[Materials provided Boundary: Start]
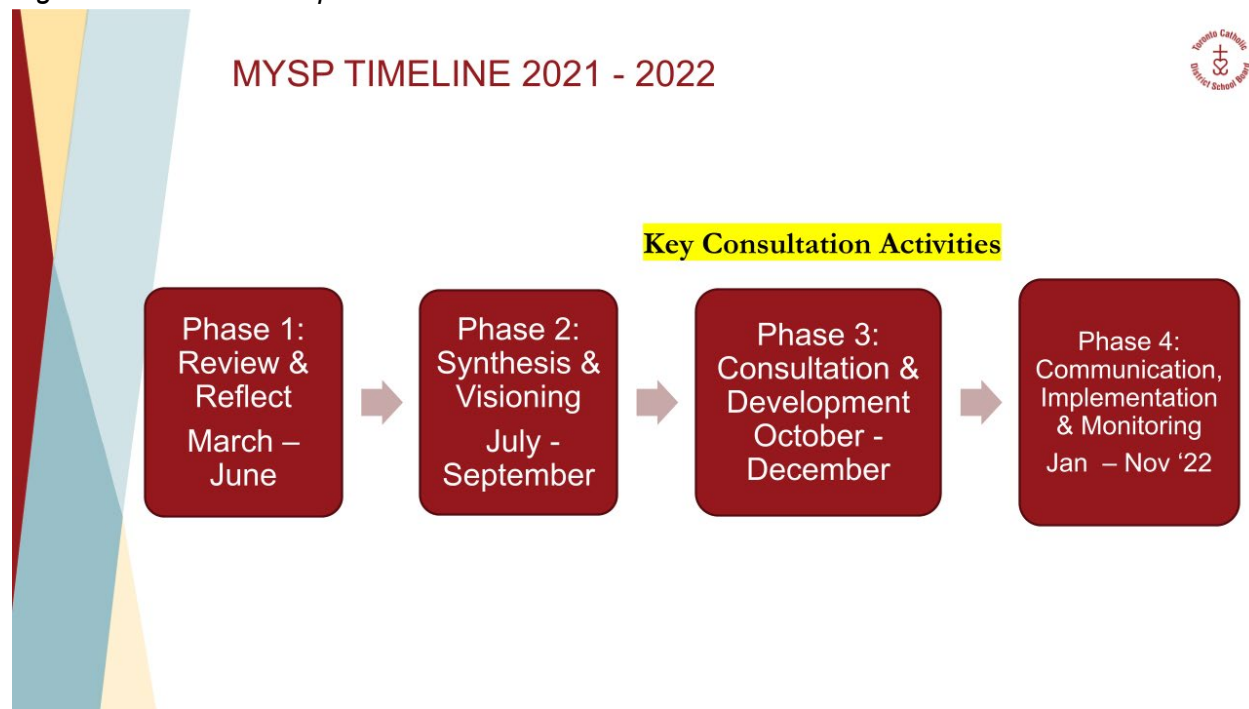
Figure 1: MYSP Development Timeline

This document presents the consultation plan and recommended activities to take place in the fall of 2021, along with suggested roles and responsibilities. It was created by Maximum City in consultation with staff, and is informed by the Board's Community Engagement Policy. As noted in the policy, effective consultation of stakeholders aligns with multiple priorities in the current MYSP, including Strengthening Public Confidence and Fostering Student Achievement and Well-being. A strong community engagement program for the new MYSP will build relationships and a sense of belonging and purpose among participants, while respecting their right to be involved in Board decisions and policy direction.
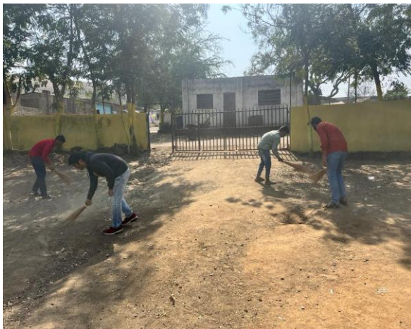
Cleaning Z.P.School Premises
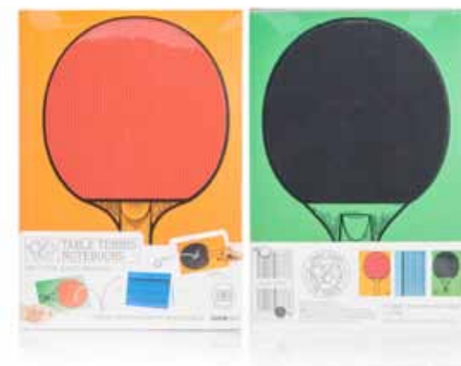
Table Tennis Notebook

Set of 3 notebooks, two bats and a net, for ideas, sketches and ping-pong 120 pages per book
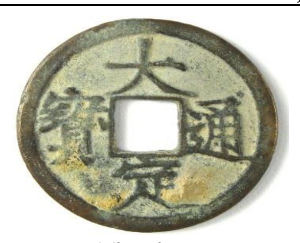
Figure 3: Shape of copper coin
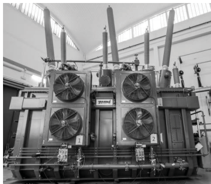
Figure 1: Tamini “green” transformer (ATR 15T037)

The product - the “green” 250 MVA autotransformer (Figure 1) - is an innovative environmentally sustainable and eco-efficient product, insulated with ester oil, and which commits to preserve environment and health, providing:
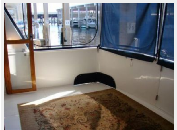
42' Novatec sundeck
[Materials provided Boundary: End]
Problem to solve:
Repeat all of the entries word for word, but omit the pictures.

Task result:
Figure 1: MYSP Development Timeline

This document presents the consultation plan and recommended activities to take place in the fall of 2021, along with suggested roles and responsibilities. It was created by Maximum City in consultation with staff, and is informed by the Board's Community Engagement Policy. As noted in the policy, effective consultation of stakeholders aligns with multiple priorities in the current MYSP, including Strengthening Public Confidence and Fostering Student Achievement and Well-being. A strong community engagement program for the new MYSP will build relationships and a sense of belonging and purpose among participants, while respecting their right to be involved in Board decisions and policy direction.
Cleaning Z.P.School Premises
Table Tennis Notebook

Set of 3 notebooks, two bats and a net, for ideas, sketches and ping-pong 120 pages per book
Figure 3: Shape of copper coin
Figure 1: Tamini “green” transformer (ATR 15T037)

The product - the “green” 250 MVA autotransformer (Figure 1) - is an innovative environmentally sustainable and eco-efficient product, insulated with ester oil, and which commits to preserve environment and health, providing:
42' Novatec sundeck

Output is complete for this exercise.